风力发电机齿轮传动系统参数分析与优化设计
发布时间:2018-07-13 12:23
【摘要】:风电发电在当今社会经济发展中的地位越来越重要,这也意味着风力发电机的耐用性的地位越来越显著。要保证有限的经济投入前提下,有效地获得更多的能源,进而获得更大的收益,是当今社会的风电发展的一项重要课题。随着风力发电机组的容量越来越大,风电机在运行中受到的载荷也就越来越大,这就等于出现意外的概率越来越高。这就说明,人类在发展风力发电的同时,首先要考虑的就是风力发电机的安全性及有效性。于是,无论是国家或地区,还是风电企业,对风力发电机的寿命及其可靠性的研究越来越多。对机组要求越来越高,必然的,,为此所作的努力也越来越大。 对于风力发电机中各部分组件,传动部分也就是齿轮箱,占有着举足轻重的地位,越来越多的学者将目光聚焦到对齿轮增速箱的研究上,尤其是近些年来,大多数国家希望在齿轮箱技术上的自有化,更是耗费了大量的技术研究。对零件进一步到系统的静态分析、动态分析,对零部件的结构分析,对系统的可靠性分析,等等。而这所有的努力工作都是为了保证,齿轮箱传动系统的寿命能够越来越长,以保证风力发电的成果越来越显著。 本文的主要目的就是为了对2MW风力发电机的齿轮传动系统的参数进行分析,对其可靠性进行研究,并进行优化。课题得到陕西省自然基金(2010JM7017)和陕西省教育厅项目(2010JK418)的资助,针对山东省某风电科技集团的2MW风力发电机进行分析,对行星齿轮传动系统和斜齿轮传动系统分别说明,判断他们各自在风载变化下的影响。同时,对系统中的滚动轴承的可靠性进行分析说明,在优化系统参数的前提下,对轴承可靠性进行优化。本文的主要工作有: 首先,从整体分析2MW风力发电机的物理模型,分别建立行星齿轮传动系统和斜齿轮传动系统的物理模型。对各组成部分(齿轮副)进行力学分析,讨论他们的弹性变形,得出动力学微分方程。同时,考虑到实际的风力发电机的工作情况,分析了激励力对系统的影响。 其次,利用数学方法,对系统的各微分方程进行求解说明,考虑风载变化的基础上,对齿轮的使用系数、动载系数和滚动轴承的载荷系数进行表达式说明,并利用MATLAB进行数学求解。 接着,在对载荷系数说明的前提下,对系统的可靠性进行评估。
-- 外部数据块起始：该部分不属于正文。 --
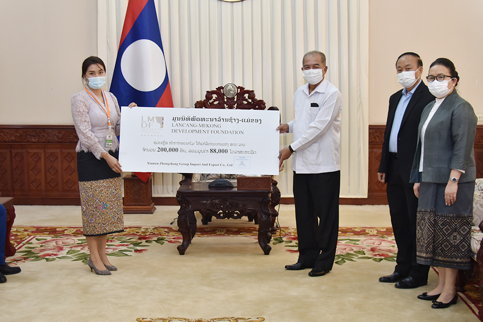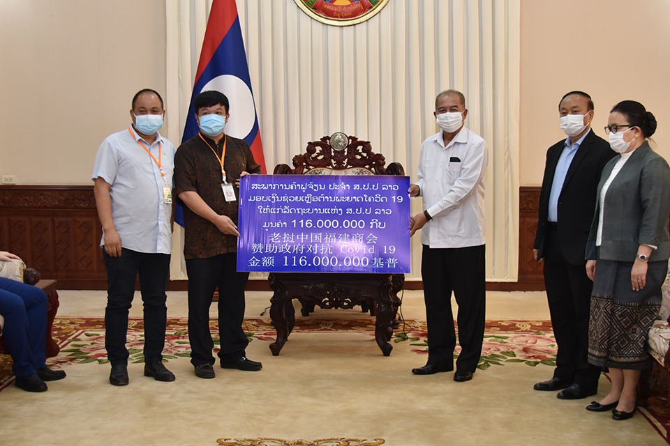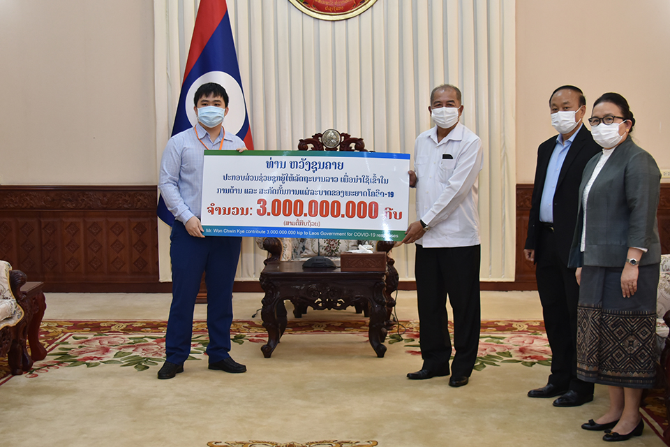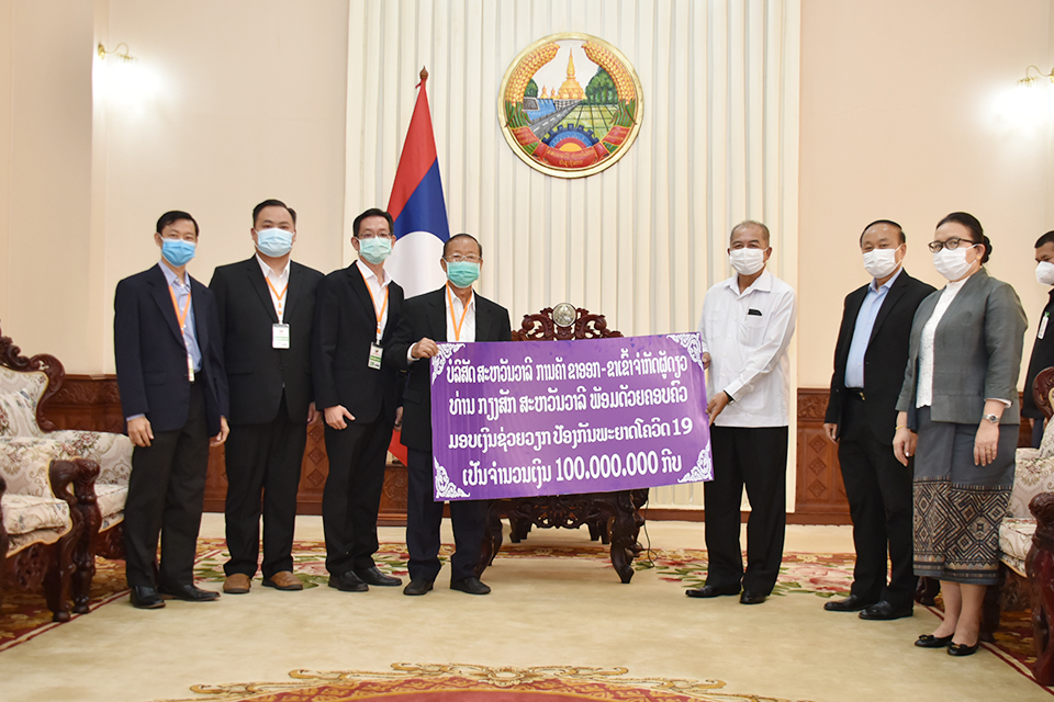ໃນນາມສ່ວນຕົວກໍ່ຄືຄອບຄົວທ່ານ ຫວັງຊຸນຄາຍ ມອບເງິນ ຈຳນວນ 3 ຕື້ກີບ; ບໍລິສັດ ຊິສເມຕິກ ໄອທີ ໂຊລູຊັ້ນ ຊຶ່ງເປັນບໍລິສັດໃນກຸ່ມບໍລິສັດ AIF Group ມອບເງິນ ຈຳ ນວນ 1 ຕື້ກີບ; ມູນນິທິພັດທະນາລ້ານຊ້າງ-ແມ່ຂອງ ມອບຜ້າປິດປາກ-ດັງ ຈຳນວນ 200.000 ອັນ, ມູນຄ່າ 88.000 ໂດລາສະຫະລັດ; ສະພາການຄ້າ ຟູຈ້ຽນ ປະຈຳ ສປປ ລາວ ມອບເງິນ ຈຳນວນ 116 ລ້ານກີບ; ທ່ານ ກຽງສັກ ສະຫວັນວາລີ ພ້ອມດ້ວຍຄອບຄົວມອບເງິນ ຈຳນວນ 100 ລ້ານກີບ; ແລະບໍລິສັດ ສະໄກ ຂຸດຄົ້ນບໍ່ແຮ່ ຈຳກັດ ມອບເງິນ ຈຳນວນ 100 ລ້ານກີບ.

分别建立齿轮传动系统与滚动轴承的可靠性评估模型,得到串联系统的可靠性评估模型,并计算相应的可靠度。 最后,利用MATLAB的优化工具箱,进行齿轮箱系统的参数优化。并利用优化后的参数,重新选择滚动轴承,并对传动系统的可靠性重新进行计算说明,数据证明优化后的齿轮箱体积变小,可靠度提高。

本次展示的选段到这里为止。